的rank是 2 (此数组是2-dimensional)。它的第一个维度(dimension (axis) )的长度是 2, 第二个维度长度是3。

NumPy的array类被称为ndarray

  • ndarray.ndim: 数组的坐标轴(或轴或维度)(axes (dimensions))的个数。
  • ndarray.shape: 数组的维度(dimensions),是由每个维度的length组成的整数元组。
    对于一个n行m列的矩阵(matrix), shape便是(n,m)
  • ndarray.size: 数组的元素(elements)的总数,等于shape的元素的积。
  • ndarray.dtype:一个描述数组的元素的类型的对象。
  • ndarray.itemsize:数组的每个元素的二进制表示的大小。 例如,元素的类型为float64的数组有 8 (=64/8)个itemsize,类型为 complex32itemsize 4 (=32/8)
  • ndarray.data:the buffer containing the actual elements of the array.
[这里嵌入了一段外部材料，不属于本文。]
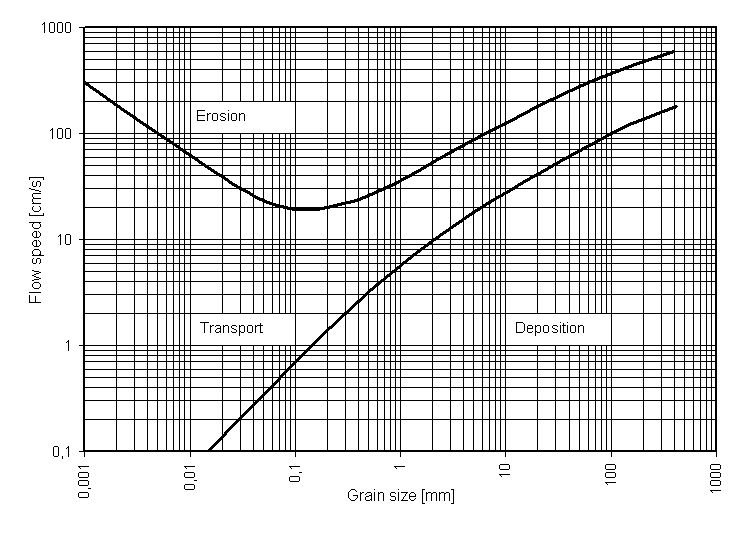 An English version of the Hjulstrom chart, describing transport, deposition and erosion in streaming water.

Normally, we won’t need to use this attribute because we will access the elements in an array using indexing facilities.

下面有一些示例:

z = np.array([[ 0,  1,  2,  3,  4],
              [ 5,  6,  7,  8,  9],
              [10, 11, 12, 13, 14]])
t = np.array([z, 2 * z + 1])
t
array([[[ 0,  1,  2,  3,  4],
        [ 5,  6,  7,  8,  9],
        [10, 11, 12, 13, 14]],

       [[ 1,  3,  5,  7,  9],
        [11, 13, 15, 17, 19],
        [21, 23, 25, 27, 29]]])
print('z.ndim = ', z.ndim)
print('t.ndim = ', t.ndim)
z.ndim =  2
t.ndim =  3
print('z.shape = ',z.shape)
print('t.shape = ',t.shape)
z.shape =  (3, 5)
t.shape =  (2, 3, 5)
print('z.size = ',z.size)
print('t.size = ',t.size)
z.size =  15
t.size =  30
t.dtype.name
'int32'
t.itemsize
4
type(t)
numpy.ndarray

ndarray索引

z
array([[ 0,  1,  2,  3,  4],
       [ 5,  6,  7,  8,  9],
       [10, 11, 12, 13, 14]])
z[0]  # 第一行元素
array([0, 1, 2, 3, 4])
z[0, 2] # 第一行的第三个元素
2
t[0]
array([[ 0,  1,  2,  3,  4],
       [ 5,  6,  7,  8,  9],
       [10, 11, 12, 13, 14]])
t[0][2]
array([10, 11, 12, 13, 14])
t[0, 2]
array([10, 11, 12, 13, 14])
t[0, 2, 3]
13
t[0, :2, 2:4]
array([[2, 3],
       [7, 8]])

对于列表

e = [1, 2, 3, 4]
p = [e, e]
p[0][0]
1
p[0,0]  # 这种语法是错误的
---------------------------------------------------------------------------

TypeError                                 Traceback (most recent call last)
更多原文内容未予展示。